Machine Learning

      Research Engineer

      Adobe Research

    I am the tech lead for core foundational models at Adobe Firefly, responsible for developing the next generation of Generative AI models. Previously, I was at Adobe Research where I started the engineering efforts of Adobe Firefly and trained the first model that was released. Since then, I have led the development and training of the latest foundational imaging models powering Adobe Firefly's applications across various products and am actively working with teams across Adobe on improving these models to achieve the best user experience and ship innovative applications.

    I obtained my PhD at the Knowledge Technology group at the University of Hamburg (Germany). Before that, I completed a research oriented Master's degree in Intelligent Adaptive Systems at the University of Hamburg. I received a Bachelor's degree in Business Informatics at the University of Mannheim, during which I also studied at the National University of Singapore for one semester.

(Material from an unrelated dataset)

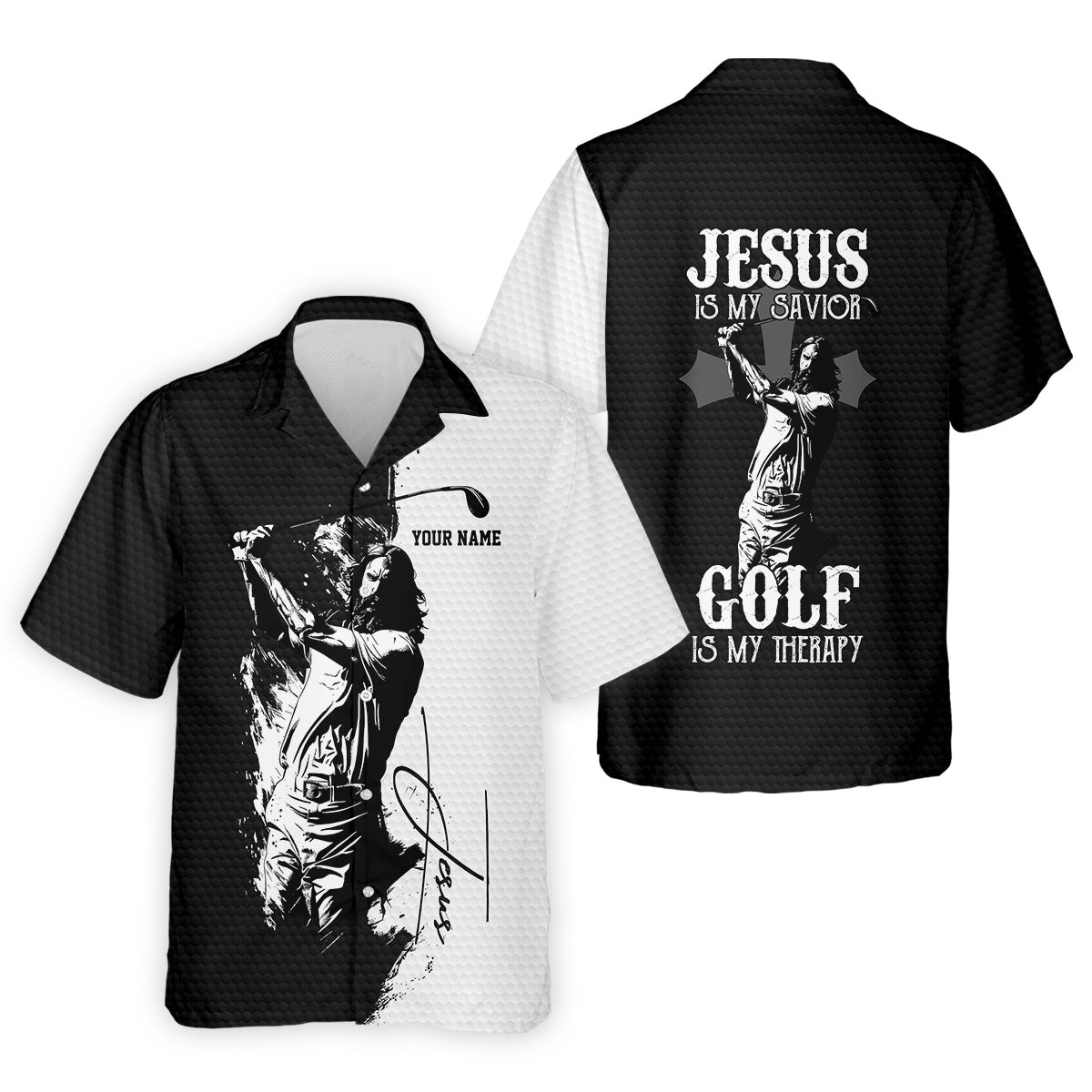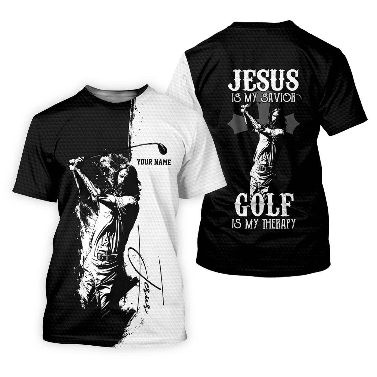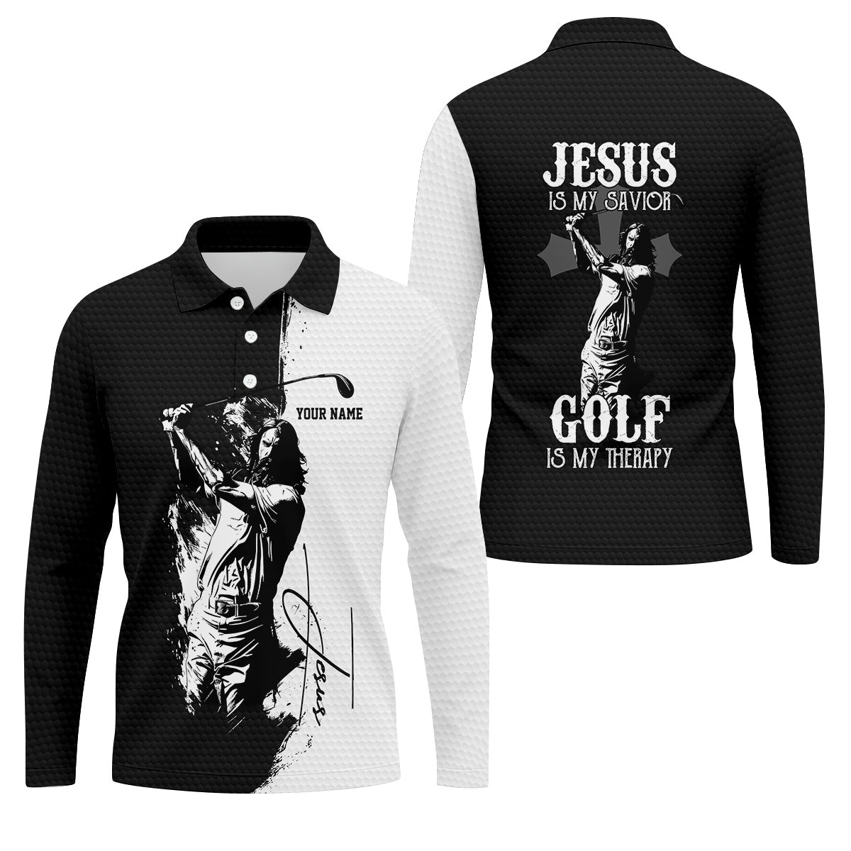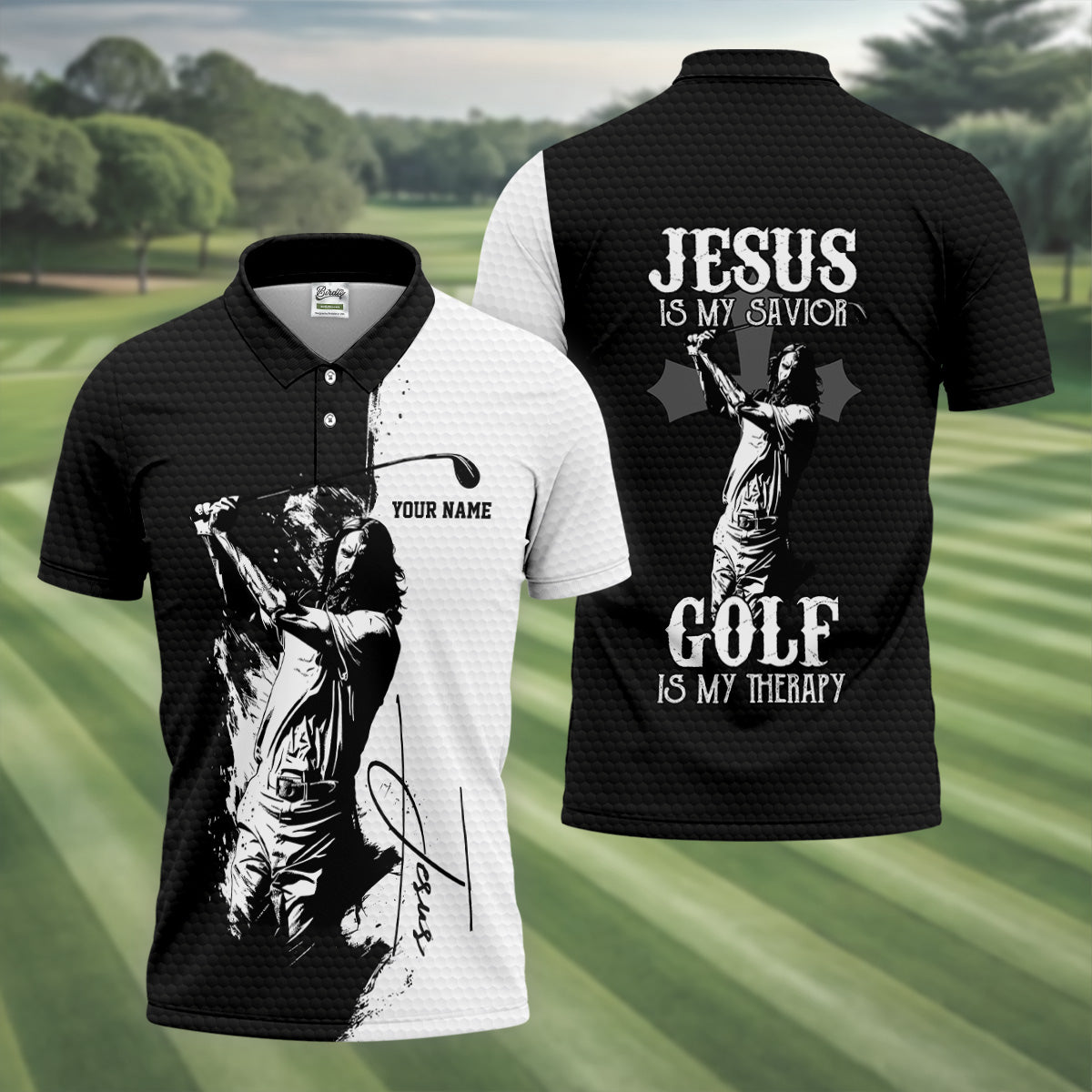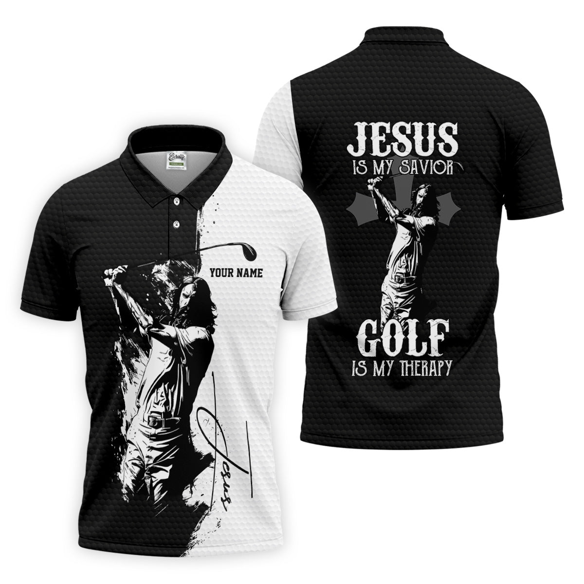 Jesus Is My Savior Golf Is My Therapy Christian Golf Shirt, Black And White Golf Polo, Polo Shirts For Men

  • 10/2023: Our second generation of Firefly models was announced today at the Adobe MAX conference.
  • 08/2023: Our paper on diffusion model control was presented at SIGGRAPH.
  • 07/2023: I received the Adobe Tech Excellence Award, an annual recognition of outstanding technical talent for starting the engineering efforts of Adobe's Firefly models, writing more than 80% of the initial code base and serving as tech lead for foundational models.
  • 06/2023: Our paper on inpainting was presented as a highlight at CVPR.
  • 03/2023: Our Project Firefly was announced today.
  • 05/2022: Our paper on transformers for image editing has been accepted to SIGGRAPH 2022.
  • 05/2022: I have moved to San Jose (California) to join the Adobe Headquarters office.
  • 01/2022: Our paper won the Best Application Paper award at WACV 2022.
  • 09/2021: Our review paper on adversarial text-to-image synthesis has been published by the Neural Networks Journal.
  • 08/2021: Check out this concert which combines music with generated videos. Our ConSinGAN approach was used in the video for "Robbie's Hobbies.

Selected Publications

For a full list, have a look at my Google Scholar page.

      Modulating Pretrained Diffusion Models for Multimodal Image Synthesis

      A multimodal conditioning module (MCM) for enabling conditional image synthesis using pretrained diffusion models.

      C. Ham, J. Hays, J. Lu, K. Singh, Z. Zhang, T. Hinz, SIGGRAPH Conference Proceedings 2023.

      SmartBrush: Text and Shape Guided Object Inpainting with Diffusion Model

      A diffusion model for shape-guided inpainting with better shape control and background preservation within the inpainted region.

      S. Xie, Z. Zhang, Z. Lin, T. Hinz, K. Zhang, Conference on Computer Vision and Pattern Recognition 2023.

      ASSET: Autoregressive Semantic Scene Editing with Transformers at High Resolutions

      A neural architecture for automatically modifying an input high-resolution image according to a user's edits on its semantic segmentation map.

      D. Liu, S. Shetty, T. Hinz, M. Fisher, R. Zhang, T. Park, E. Kalogerakis, ACM Transactions on Graphics (SIGGRAPH 2022) 2022.

      CharacterGAN: Few-Shot Keypoint Character Animation and Reposing

      BEST PAPER AWARD - Train a GAN on as few as 10 images of a given character for animation and reposing.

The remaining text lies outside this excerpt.